WORK REQUEST »
Report how many lines in the entries below hold the word "provide". Your answer is that number alone.

LISTED RECORDS »
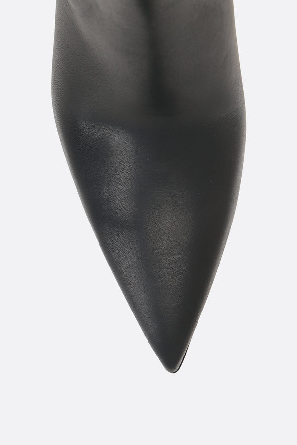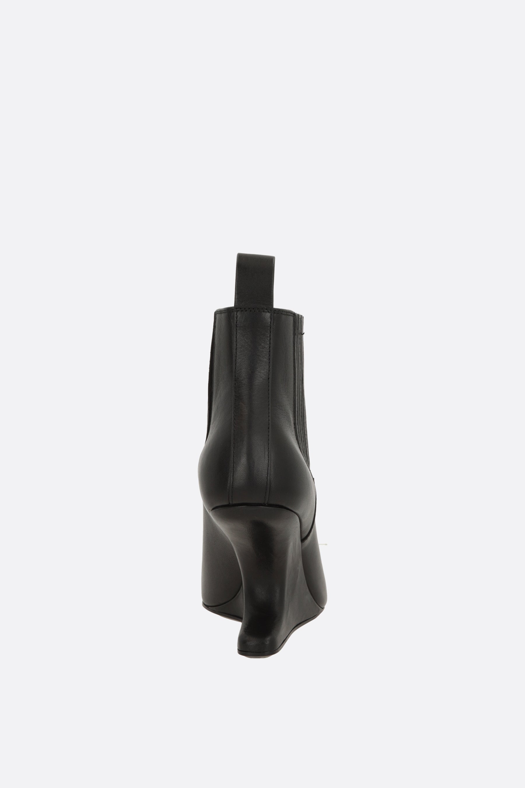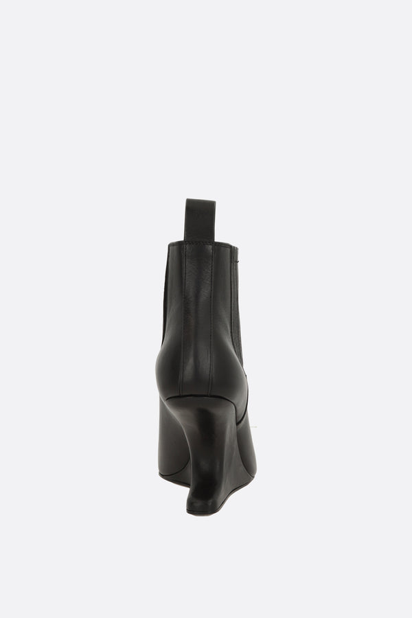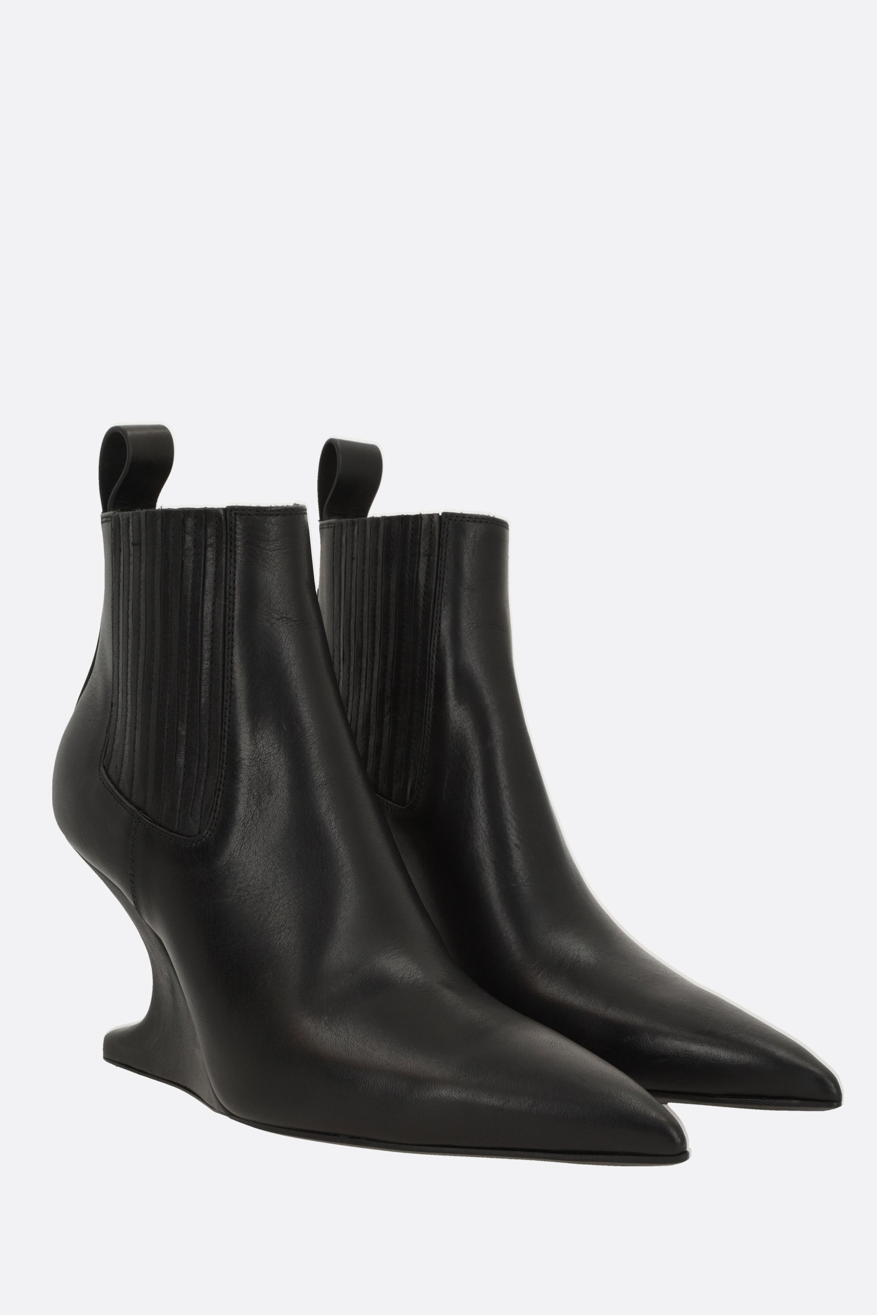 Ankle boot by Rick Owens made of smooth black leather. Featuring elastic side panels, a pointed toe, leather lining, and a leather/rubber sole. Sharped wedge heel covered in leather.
---
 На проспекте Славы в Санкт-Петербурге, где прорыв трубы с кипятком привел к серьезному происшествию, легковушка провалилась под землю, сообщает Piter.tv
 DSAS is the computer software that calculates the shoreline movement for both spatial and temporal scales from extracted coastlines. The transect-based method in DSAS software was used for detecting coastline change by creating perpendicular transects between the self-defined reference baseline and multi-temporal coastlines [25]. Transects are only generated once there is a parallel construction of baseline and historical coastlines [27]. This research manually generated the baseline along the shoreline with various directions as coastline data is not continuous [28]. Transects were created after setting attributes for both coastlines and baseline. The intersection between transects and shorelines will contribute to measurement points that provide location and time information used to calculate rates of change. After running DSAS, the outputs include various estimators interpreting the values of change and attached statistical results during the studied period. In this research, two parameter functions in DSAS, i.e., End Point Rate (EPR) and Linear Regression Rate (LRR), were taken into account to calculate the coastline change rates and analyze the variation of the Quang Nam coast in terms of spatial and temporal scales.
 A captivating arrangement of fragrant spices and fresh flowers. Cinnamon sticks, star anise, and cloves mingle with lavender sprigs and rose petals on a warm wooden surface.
---
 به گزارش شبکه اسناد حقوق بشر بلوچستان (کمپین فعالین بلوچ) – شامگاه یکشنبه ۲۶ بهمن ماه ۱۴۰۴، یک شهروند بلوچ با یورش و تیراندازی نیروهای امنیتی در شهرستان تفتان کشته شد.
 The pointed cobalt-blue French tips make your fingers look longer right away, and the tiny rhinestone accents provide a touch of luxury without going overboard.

TASK SOLUTION »
2